UKIP's Roger Helmer Defends Tweet Depicting Calais Refugees As Possible Terrorists Or Sex Attackers

Chuka Umunna says image was 'xenophobic garbage'

Lynne Cameron/PA Archive

A UKIP MEP has come under fire after tweeting a cartoon that depicts a group of Calais migrants on a school bus with the caption “Allahu Akbar”.

Roger Helmer, MEP for the East Midlands said that he was making an “amusing” point by publicising the image, which suggested that refugees allowed into the UK could “commit terrorism or sex attacks”.

He added that “recent history” suggests that some of those being allowed into Britain from ‘The Jungle’ camp “may be” terrorists or rapists.

The cartoon shows Theresa May driving a yellow bus full of youths photographed in Calais, with the caption “The children on the bus sing Allahu Akbar”.


The ‘God is great’ phrase appeared to be a jibe at the shout of Islamist suicide bombers.

Chuka Umunna, leading supporter of the Open Britain campaign, told HuffPost UK: “Britain’s proud history of providing sanctuary to children fleeing conflict seems to have escaped the notice of Roger Helmer.

“This kind of xenophobic garbage on social media fans the flames of hatred, which have led to the alarming recent rise in hate crimes.

“As an elected representative of the British people, Roger Helmer should delete this vile tweet and apologise.”

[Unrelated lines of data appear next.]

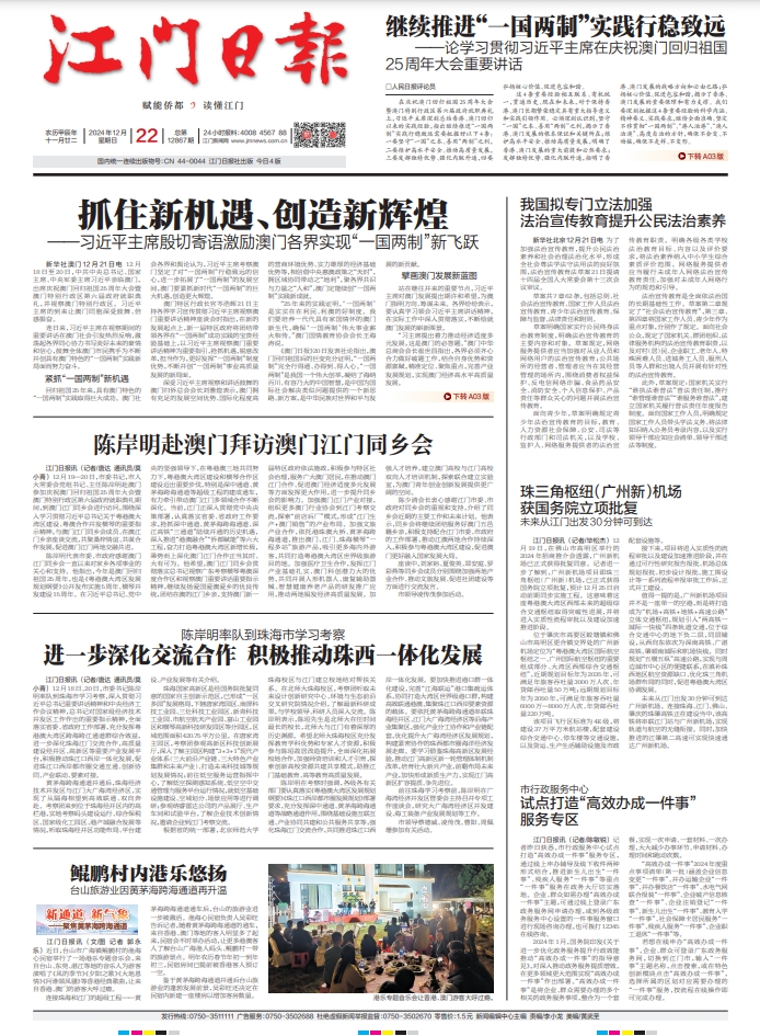 - ② 本网未注明"稿件来源:江门日报"的文/图等稿件均为转载稿,如其他媒体、网站或个人从本网下载使用,必须保留本网注明的"稿件来源",并自负版权等法律责任。
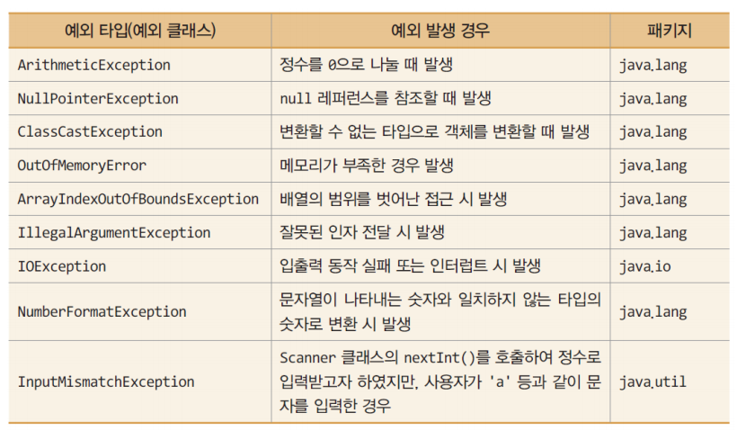 대표적인 예외 발생 사례는 정수를 0으로 나누는 경우, 인덱스 범위를 넘어가는 경우 등이 있다.
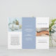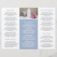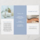 Elegante folleto de tres pliegues con un diseño sencillo y moderno de color azul claro / azul polvoriento / azul celeste en polvo. El interior incluye su lista de precios / menú de servicio. Este diseño es perfecto para un spa de día, pero se puede modificar para cualquier tipo de negocio.
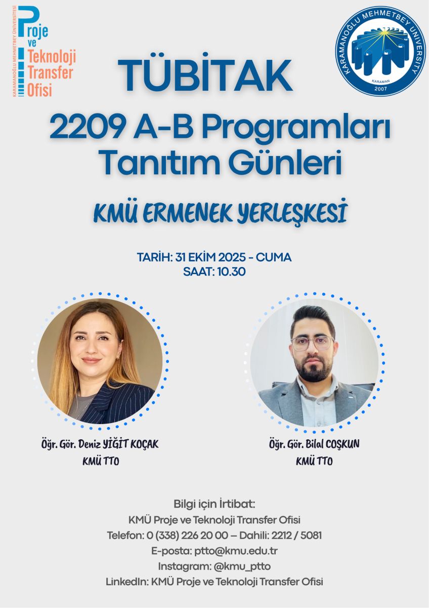 Karamanoğlu Mehmetbey Üniversitesi KMÜ Proje ve Teknoloji Transfer Ofisi tarafından, 31 Ekim 2025 Cuma günü Ermenek Yerleşkesi’nde TÜBİTAK 2209-A Üniversite Öğrencileri Araştırma Projeleri ve 2209-B Sanayiye Yönelik Araştırma Projeleri Destekleme Programları tanıtım etkinliği düzenlenecektir.
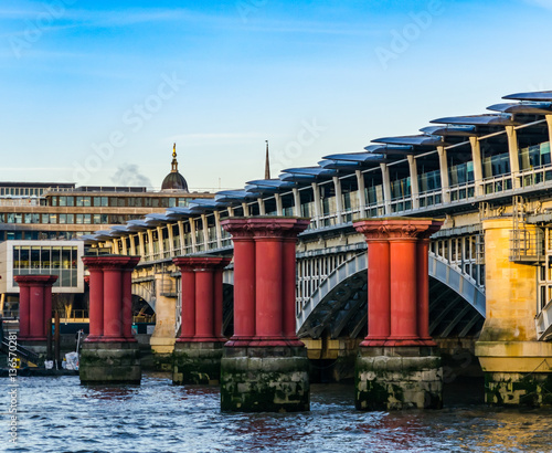 © Q77photo, Naklejka premium red columns in the water against the background of a bridge in L
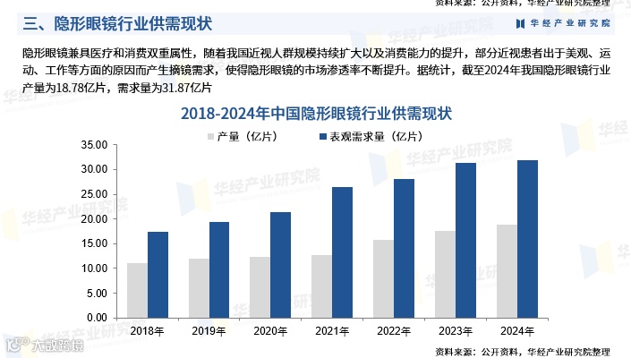 隐形眼镜兼具医疗与消费双重属性,随着我国近视人群不断扩大及消费能力提升,出于美观、运动或工作需求的“摘镜”意愿增强,推动市场渗透率稳步上升。数据显示,2024年我国隐形眼镜行业产量达18.78亿片,需求量达31.87亿片。
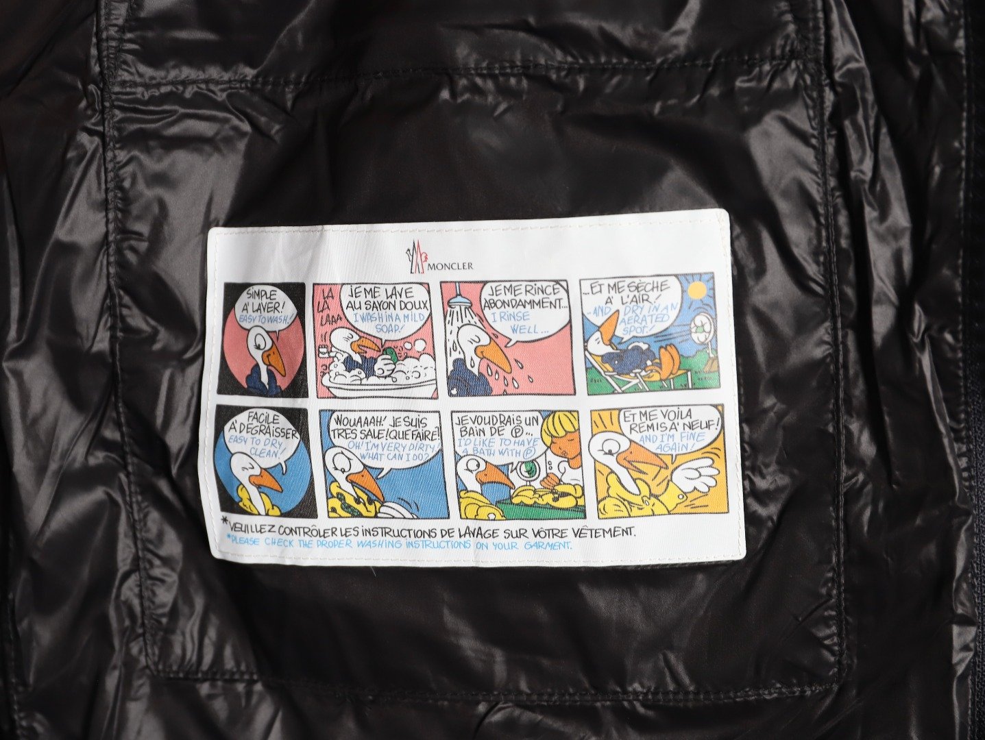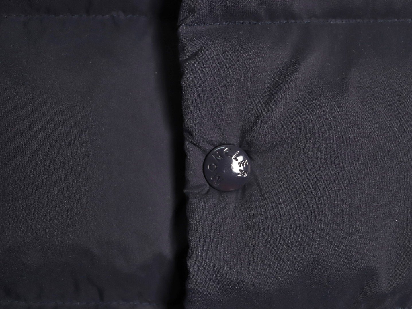 This short down parka is made from longue Saion fabric, packed with functional details to ensure warmth and comfort. The entire garment features meticulous craftsmanship and intricate stitching, including zippered pockets, adjustable cuffs, and a snap-button zipper flap placket. The sleeves are adorned with the brand logo. This adds a unique touch to the overall look while significantly enhancing protection. Unisex

Some on Twitter picked up on the Open Britain attack.

But when challenged about his retweet, Helmer was unrepentant, denying that he was “bigoted” or “Islamophobic”.

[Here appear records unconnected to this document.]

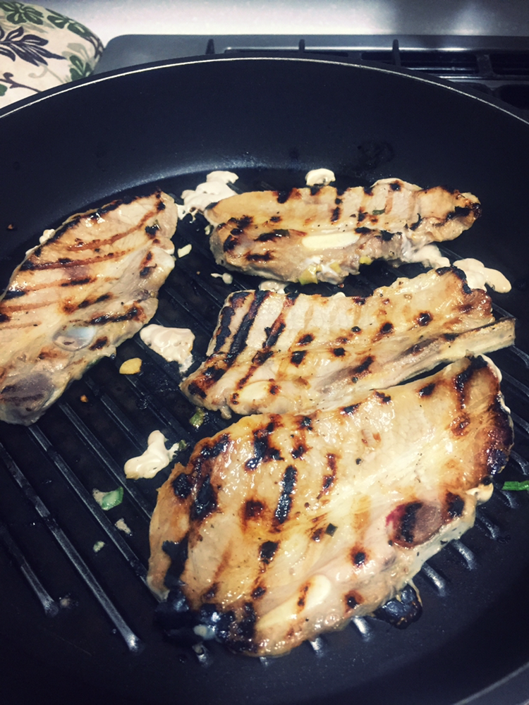 26. 돼지 앞다리살은 가장 소박하고 든든하다. 소금후추매실청설탕생강간장올리브유에 한 시간 정도 재웠다가 구웠다. 마늘과 양파도 같아 구웠는데 더 넉넉히 넣을걸. 감자는 오븐에 구웠다. 옆지기가 외출한 덕에 남았다.
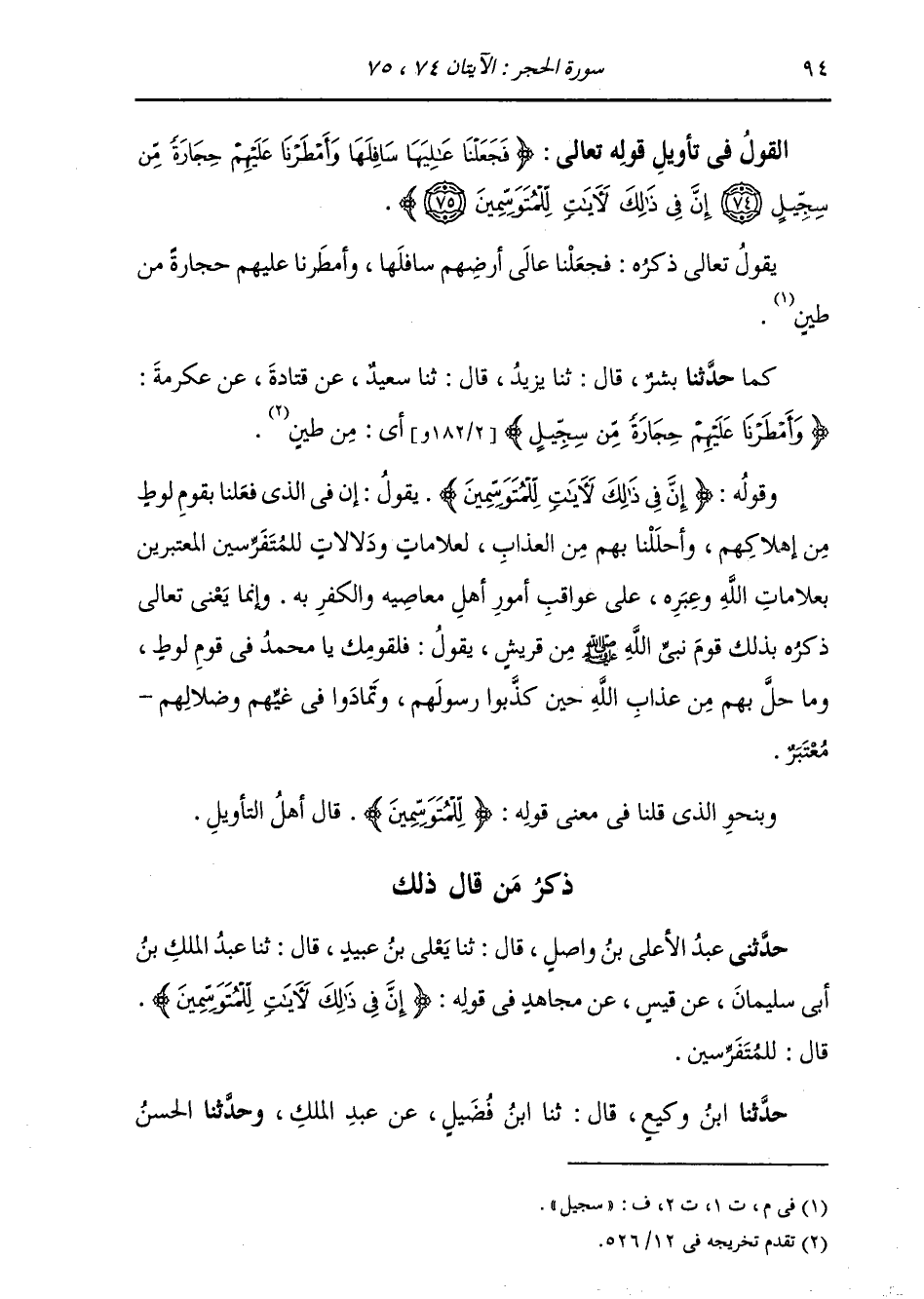 §الْقَوْلُ فِي تَأْوِيلِ قَوْلِهِ تَعَالَى: {فَجَعَلْنَا عَالِيَهَا سَافِلَهَا وَأَمْطَرْنَا عَلَيْهِمْ حِجَارَةً مِنْ سِجِّيلٍ. إِنَّ فِي ذَلِكَ لَآيَاتٍ لِلْمُتَوَسِّمِينَ} [الحجر: 75] يَقُولُ تَعَالَى ذِكْرُهُ: فَجَعَلْنَا عَالِيَ أَرْضِهِمْ سَافِلَهَا، وَأَمْطَرْنَا عَلَيْهِمْ حِجَارَةً مِنْ سِجِّيلٍ، كَمَا:
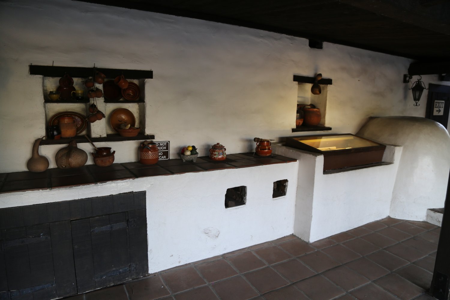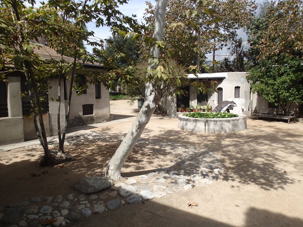 The walls of the adobe are really thick – up to 3 feet in width, and are made of sun baked mud. One interesting historical tidbit is the part the La Brea Tarpits played in the construction. Tar was taken from these pits (Wilshire Blvd now runs in front of the tarpits), was mixed with rocks and horse hair and was used as a sealant on the wooden beams holding up the roof. Clay from the Los Angeles River was also used in the construction.
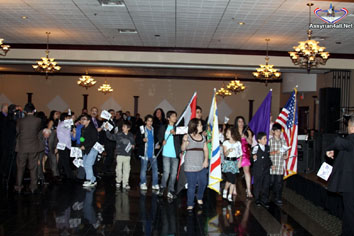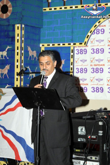 الحفل بمسيرة مصغرة تقدمها العلم العراقي وعلم الامة الكلدانية الاسريانية

He added that “I thought it was an amusing and relevant comment on the immigration debate and migrant issue”.

The MEP then insisted that he wasn’t directly accusing those allowed in from Calais, but said that “some” of them “may be” sex attackers or terrorists because “the UK doesn’t know who it is letting in”.

The ‘Jungle’ camp in Calais was being cleared today by the French authorities, as the first child refugees tried to find homes in the UK.

Up to 1,300 foreign nationals were bussed away from the makeshift site to locations across France.

At least 7,000 people have been living in the refugee camp in squalid conditions, some for years.

Migrants queued peacefully to be processed, and half of the 60 coaches lined up to will carry them to migrant centres across France have now left.

Protestors gathered outside the Home Office to call for better treatment of the unaccompanied minors.

Home Affairs Commitee chairwoman Yvette Cooper warned that child refugees risk slipping into the hands of smugglers.